When Doug Robertson, director of engineering at Clippard Inc. — a community-oriented company near Cincinnati — and his team initially approached AweSim, they were simply looking for help to segue their company into the world of high performance computing (HPC) modeling and simulation. What Robertson and the Clippard team wanted was simply to predict the performance of a spring in one of their electromagnetic proportional valves. After all, when your business is manufacturing valves, predictable and controlled fluid flow is essential.
What Robertson and Clippard didn’t expect was finding a flaw in the valve that nearly cost the company countless hours and dollars.
An unexpected flaw
Initially, AweSim contacted us at Kinetic Vision to provide detailed analyses of the valve. Ideally, the amount of fluid that flows through the valve is controlled by, and proportional to, the amount of electricity running to a solenoid coil that pulls on the spring. Early on, however, our test data on the prototype valve found a nonlinear trend for flow versus electric current. This was inconsistent with the flow analysis of the computer-aided design (CAD) files of the valve.

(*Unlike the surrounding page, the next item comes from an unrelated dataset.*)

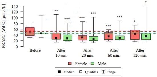 Total antioxidant capacity expressed as FRASC (vitamin C) [µmol/L] in the blood of subjects undergoing routine HRCT examination before the test, 10 min, 20 min, 60 min and 120 min after the test. The analysis was carried out using the Wilcoxon test for dependent (repeated) measurements; the graph shows the medians, quartiles and ranges of values of individual variables. * p—comparison with the measurement before the examination (* p < 0.05, ** p < 0.01, *** p < 0.001)—Wilcoxon test for dependent (repeated) measurements.

Computed tomography – not just for medical scans
We took a two-pronged approach to finding what was causing the discrepancies between the performance of the physical valve and the computer model. First, we performed a CT scan on the valve. CT, or computed tomography, is a technology that was initially developed for medical purposes and is now widely used across multiple industries to help design and develop products. A cone beam X-ray source sends radiation through an object, of which a 2D image is captured on a digital detector. This happens thousands of times as the object rotates a full 360 degrees, creating a three-dimensional model of the sample.
The depth, detail and the granularity of this information allow customers to really inspect their parts after they’re put together. We’re actually measuring these parts as they’re assembled so they can see what’s going on with the component in its operating state. By first performing an industrial CT scan of the assembled valve, we were able to compare the prototype with the computer model of the valve.
We then built a finite element model from the industrial CT scan. From this model, we found that the problem was not with the computer design of the valve, but in the manufacturing process Clippard was using.
It was the blend of those two tools – the nondestructive inspection from the CT scan and the finite element model – that really helped to solve their problem.
Having HPC resources, such as what is offered at the Ohio Supercomputer Center (OSC), at your disposal makes this type of methodology possible. We are solving high-fidelity finite element models directly generated from microCT data — it really helps enable that technique to even happen because the models have to be much more detailed.
Since the valve solution, Clippard has developed new methods to measure their material surface, improving processes from initial computational design to the finished product. As we’ve heard from clients over and over, modeling and simulation have saved the team valuable time and resources. Without Kinetic Vision’s intricately detailed analyses, scans and inspections through OSC resources, Clippard may not have been able to pinpoint what was causing the valve flow differential.